According to a Bloomberg report, Yoshihiko Masuda, managing director of advanced vehicles at Toyota Motor Corp., has confirmed that the automaker has reduced the cost of manufacturing fuel-cell vehicles by 90 percent, and may likely commence the sales of its first retail hydrogen vehicle by 2015.
The cost of Toyota’s first hydrogen vehicle - which will be a sedan, with driving range similar to that of a gasoline-powered car - will be around $50,000.
Noting that the exorbitant manufacturing costs are the main hurdle in the development of hydrogen-fuel-cell cars, Masuda told Bloomberg that the Japanese carmaker has already slashed production costs for such vehicles to nearly one-tenth of earlier estimates, which were as high as $1 million per car. He further added that the costs need to be cut by another 50 percent before commencing retail sales.

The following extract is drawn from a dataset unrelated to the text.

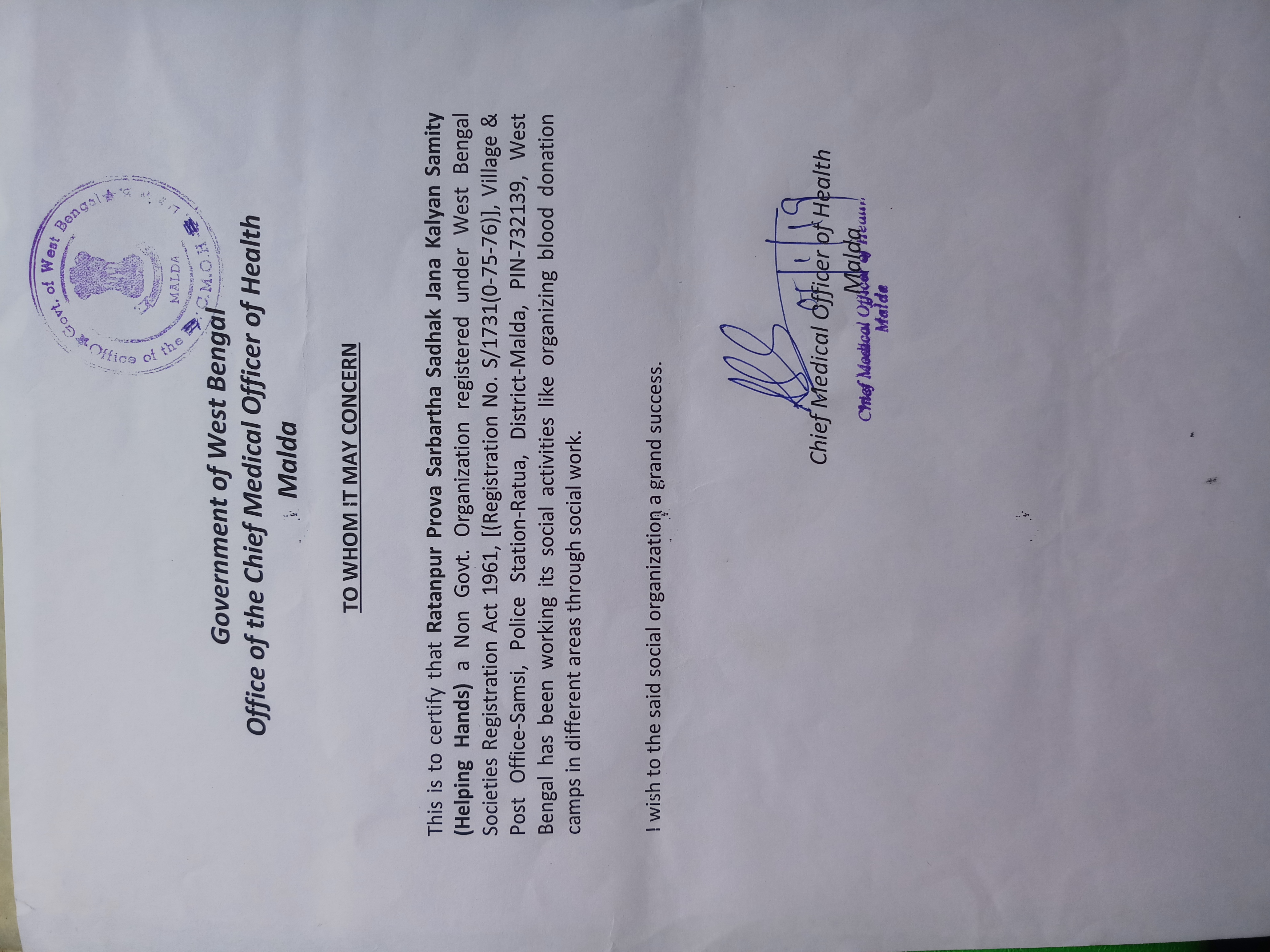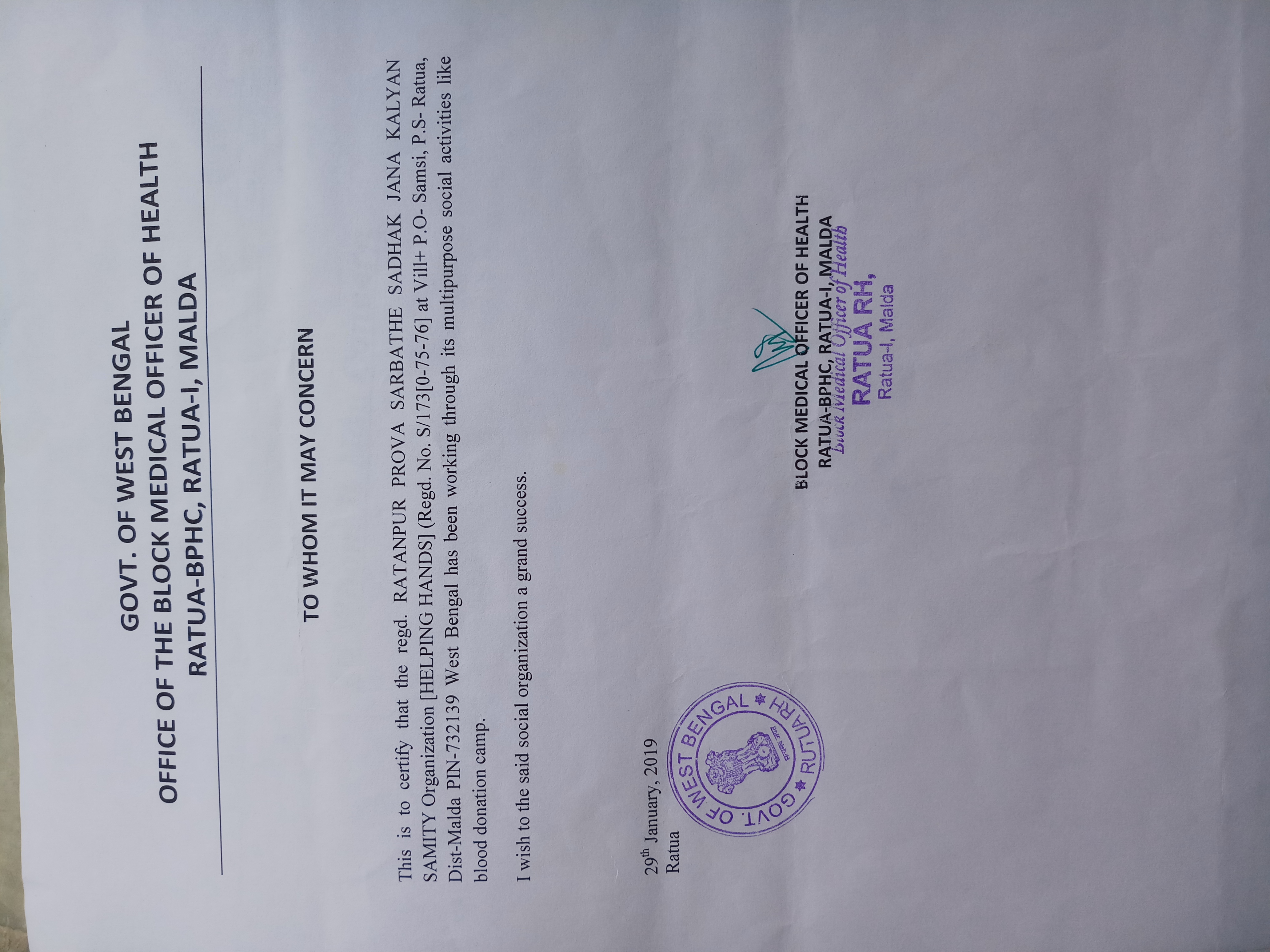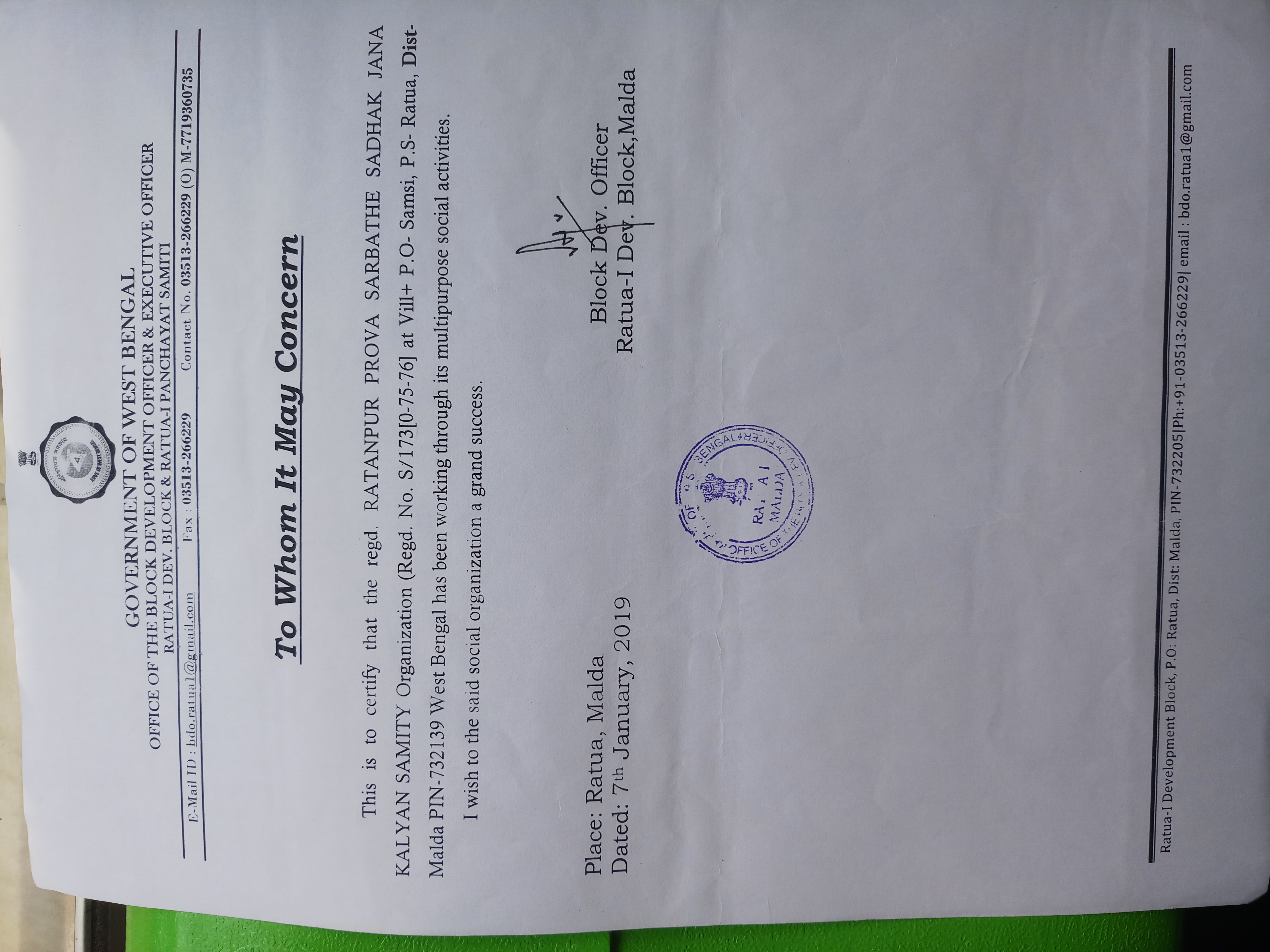 3 BLOCK DEVLOPMENT OFFICER OF THE GOVT WEST BENGAL ( RATUA) 2019-01-07 907746.jpg  Download We got appreciation letter from BDO RATUA for our outstanding work .

Masuda, who was at Toyota’s US sales unit base in Torrance, California, said: “Our target is, we don’t lose money with introduction of the vehicle. Production cost should be covered within the price of the vehicle.”
Commenting on the potential advantage that fuel-cell vehicles have over battery vehicles, Jay Whitacre, a professor of materials science and engineering at Pittsburg’s Carnegie Mellon University, said that the former beat the latter in terms of “cost basis per car, range and performance.”